In this appeal we are asked to determine whether a competent, conscious, rational adult may be required, in spite of religious beliefs, to submit to a blood transfusion.

Ernestine Jackson was admitted to Mercy Hospital on an emergency basis on February 26, 1984. Mrs. Jackson was 25 or 26 weeks into her pregnancy and was undergoing premature labor. The examination of Mrs. Jackson by Mercy’s medical staff revealed that a routine vaginal delivery would create serious and dangerous medical complications for both Mrs. Jackson and the unborn child. The fetus was lying in the womb in an “oblique to transverse position,” and the risk of a ruptured uterus was great because Mrs. Jackson had previously undergone a myomectomy 1 because of her having given birth prematurely on a prior occasion. Mercy’s diagnosis suggested an abdominal, or Caesarean section, delivery.

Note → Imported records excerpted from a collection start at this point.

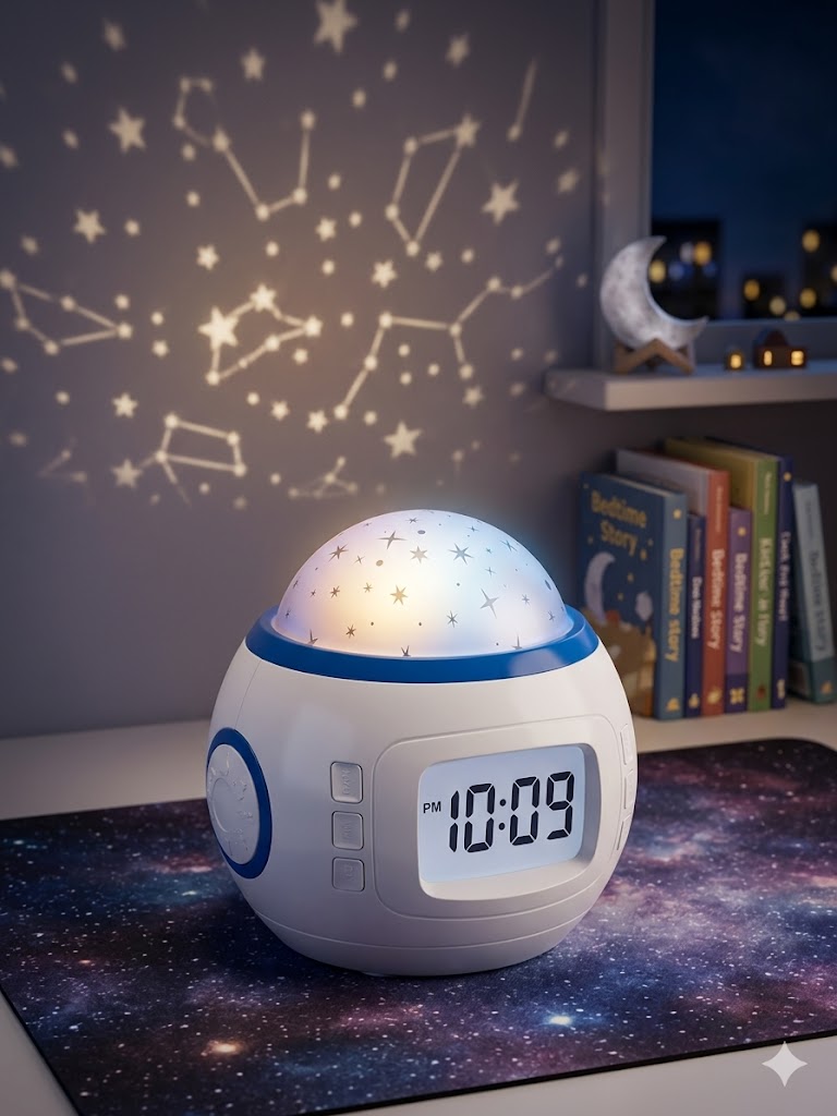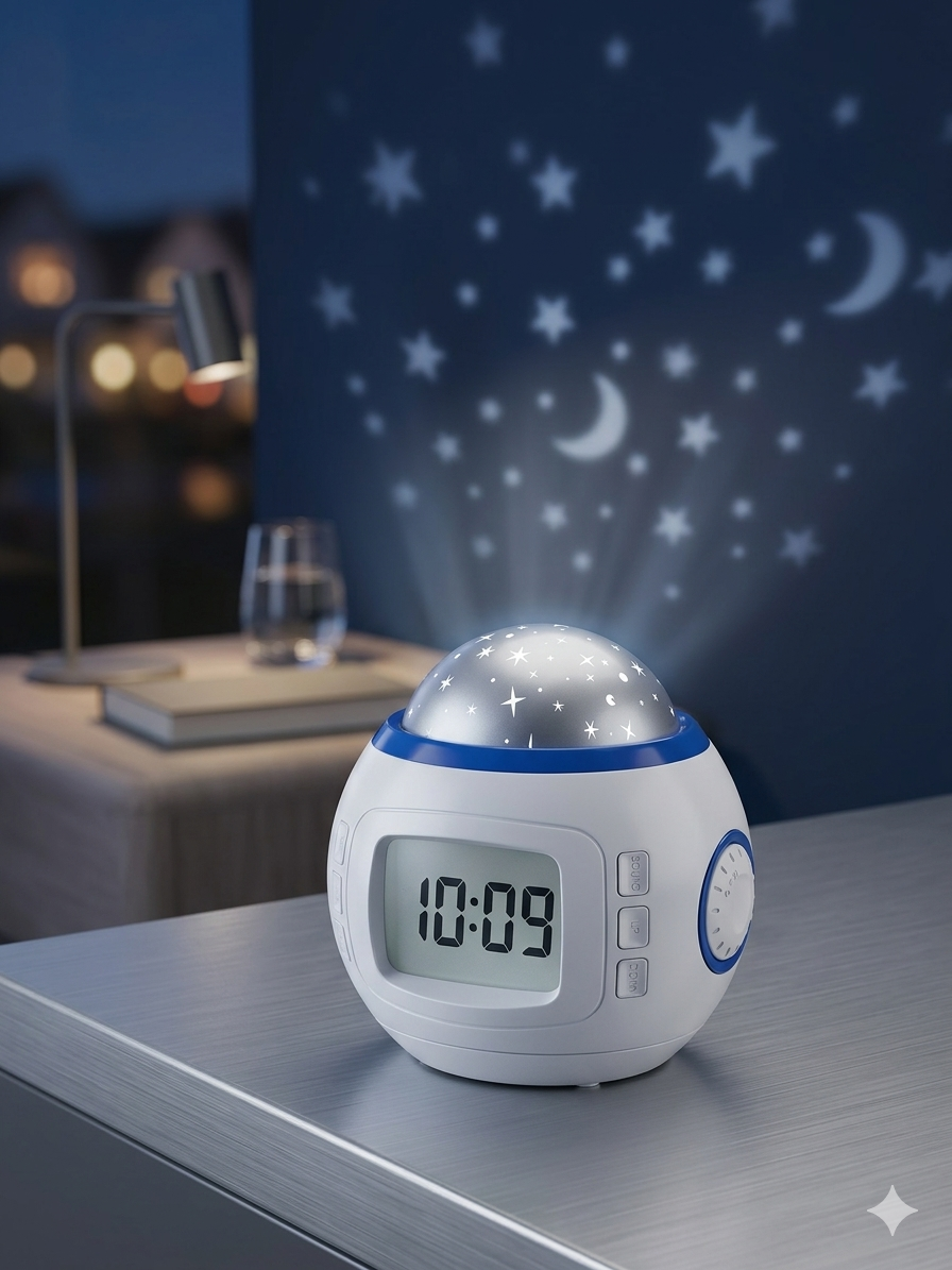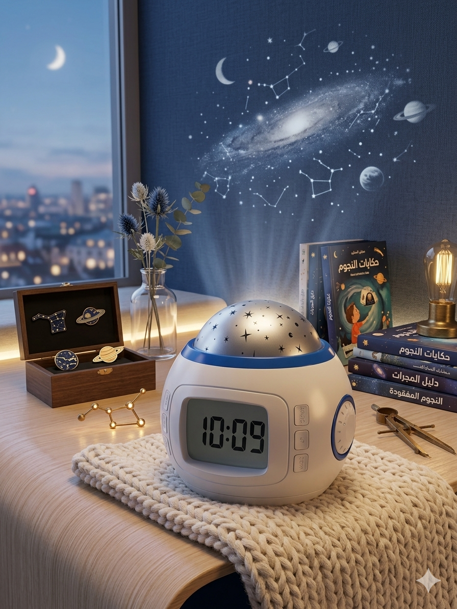 🌙 اجعل غرفتك قطعة من السماء مع ساعة “بروجكتور النجوم” السحرية! ✨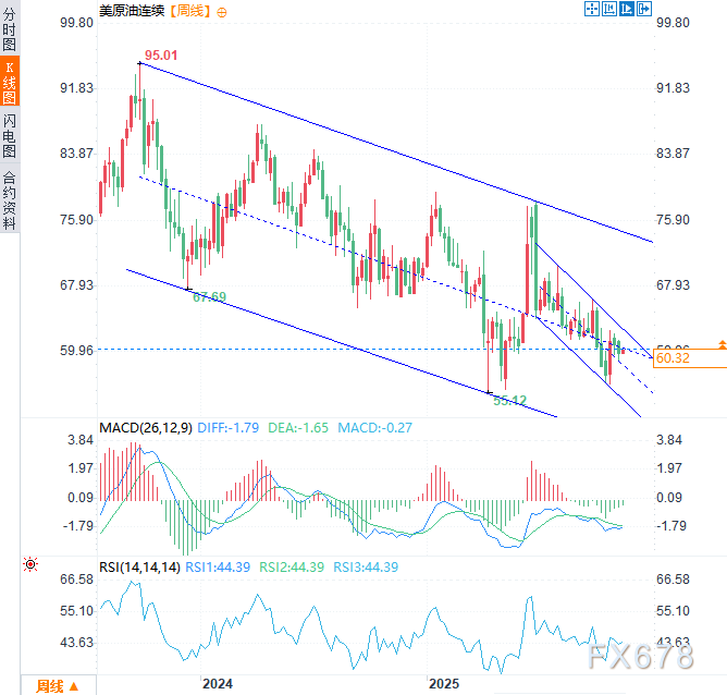 油价目前在三年的下跌趋势通道中区和五个月通道中区附近徘徊,成为市场应对2026年供应不确定性和劳动力市场风险时的关键短期与长期参考点位。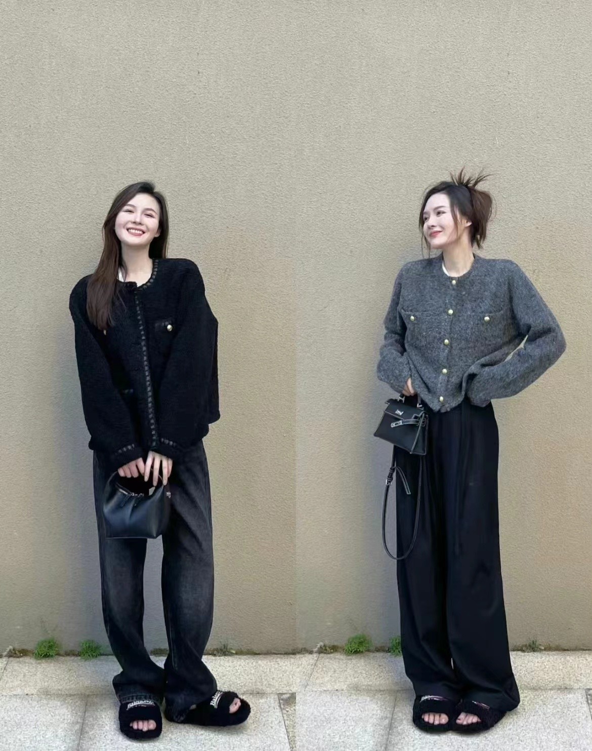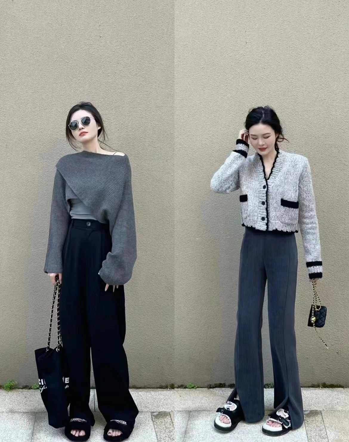 这样两种色彩之间非常的明确,配起来又特别有层次感,小香风风格的服装配上黑灰色更显高级。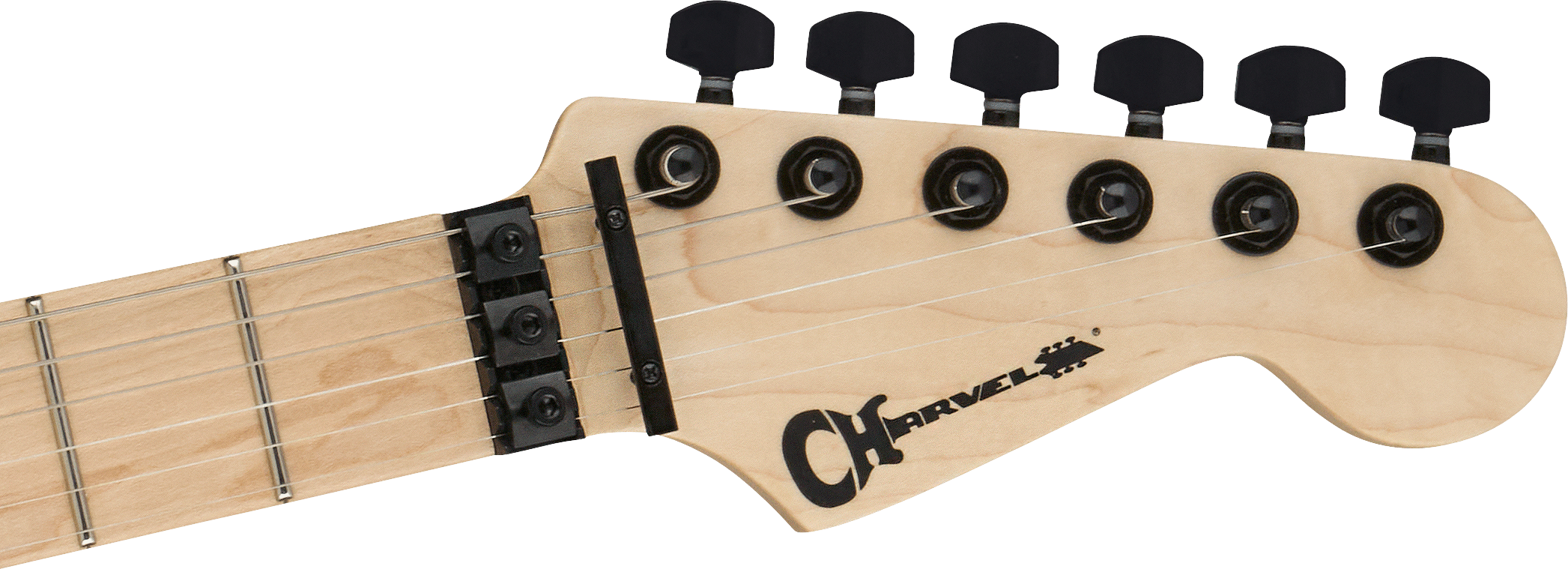 Bridge Floyd Rose® 1000 Series Double-Locking Tremolo (Recessed) Hardware Finish Black Tremolo Arm Floyd Rose® FRT O1000 Locking Tuning Machines Charvel®-Branded Die-Cast Pickguard None Control Knobs Knurled Flat-Top Switch Tip Black Neck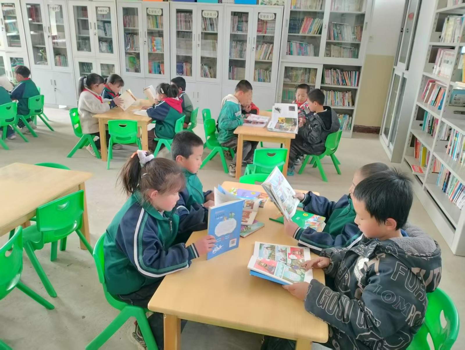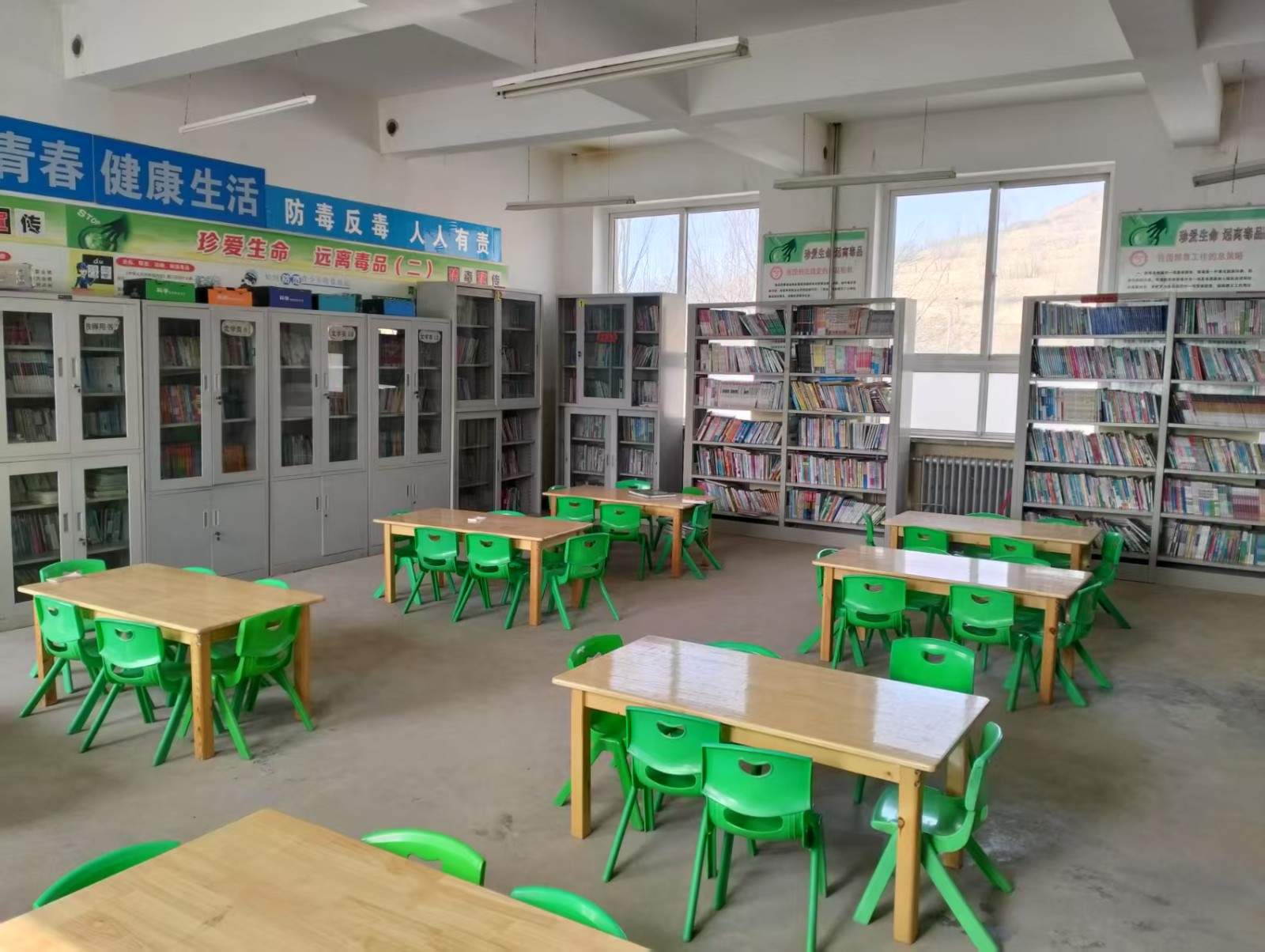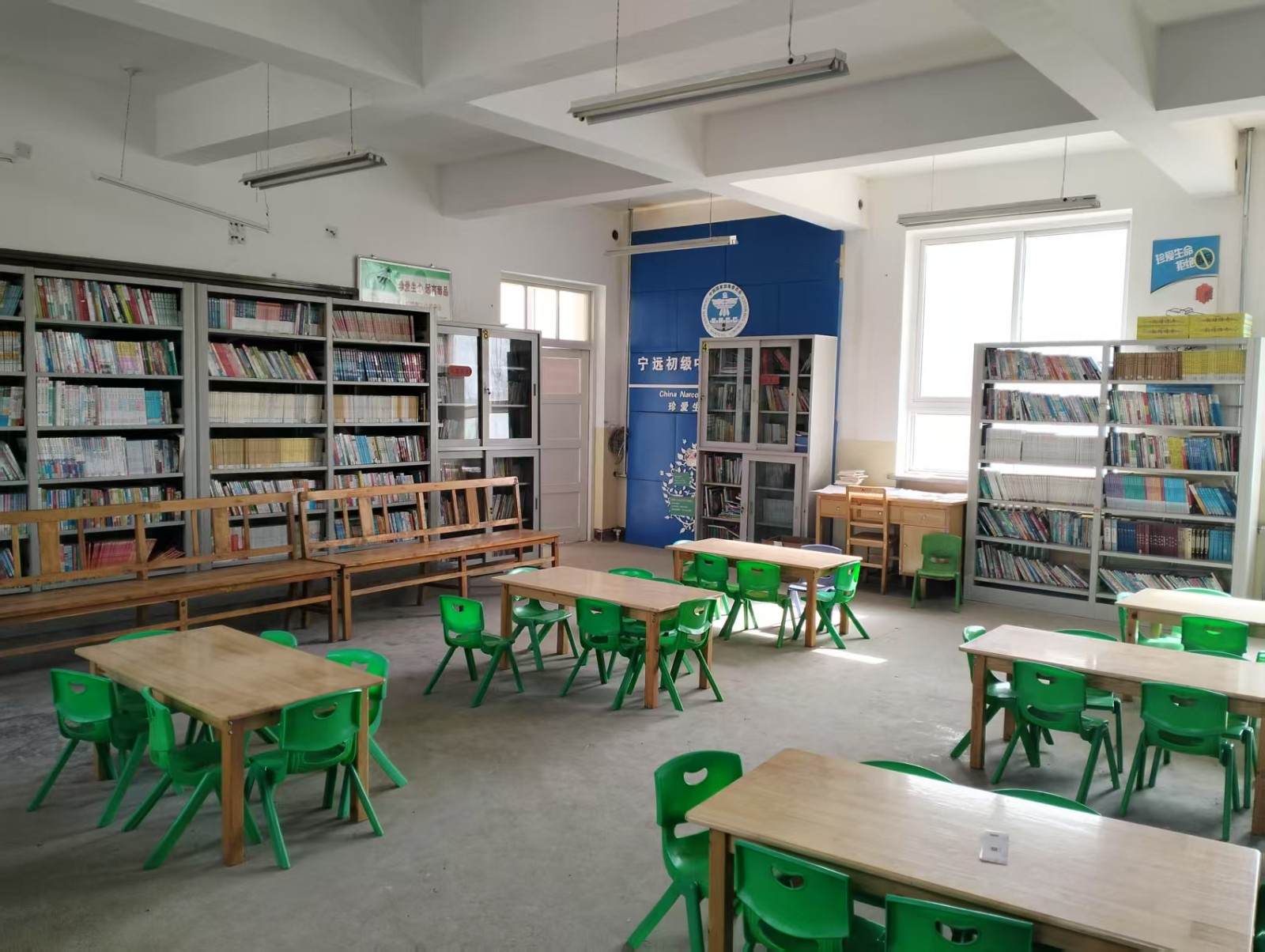 我校图书室有两间,藏有大量的图书,班级内和楼道内也设置了图书角,供学生方便阅读;但图书大多是旧的图书,种类不齐全,不符合现在的学生进行阅读,可供学生阅读书籍太少,真切希望有大量的图书补充到学校,以满足学生阅读的需要。我校图书室目前可一次容纳30名学生共同阅读,但由于我校是农村学校,图书馆目前尚未配置电脑和扫码枪等设备,启用的是纸质图书借阅登记薄,学生阅读大部分在教室进行,教师阅读在办公室进行。由于农村教师思想相对落后,在阅读方面积极性不够。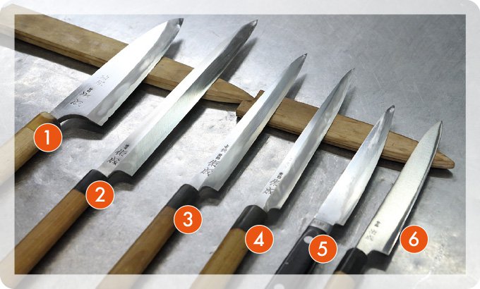 調理場には料理人それぞれ自前の包丁類があり、柏原さんは刺身用・野菜用の包丁の合計6本を持っています。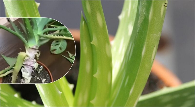 Якщо алое занадто довго обходиться без води, у нього може з'явитися коричневе листя біля основи. У цьому разі його потрібно обрізати і скорегувати полив.

A Caesarean delivery is a relatively safe and routine, albeit surgical, form of childbirth. The most serious drawback — the surgical intervention prescribed in the matter now before us — is that the mother inevitably loses a certain, but not predeterminable, quantity of blood. In the instant case, it was the contemplated loss of blood together with the attendant risks that injected the legal profession into an otherwise sterile medico-monopolistic delivery room.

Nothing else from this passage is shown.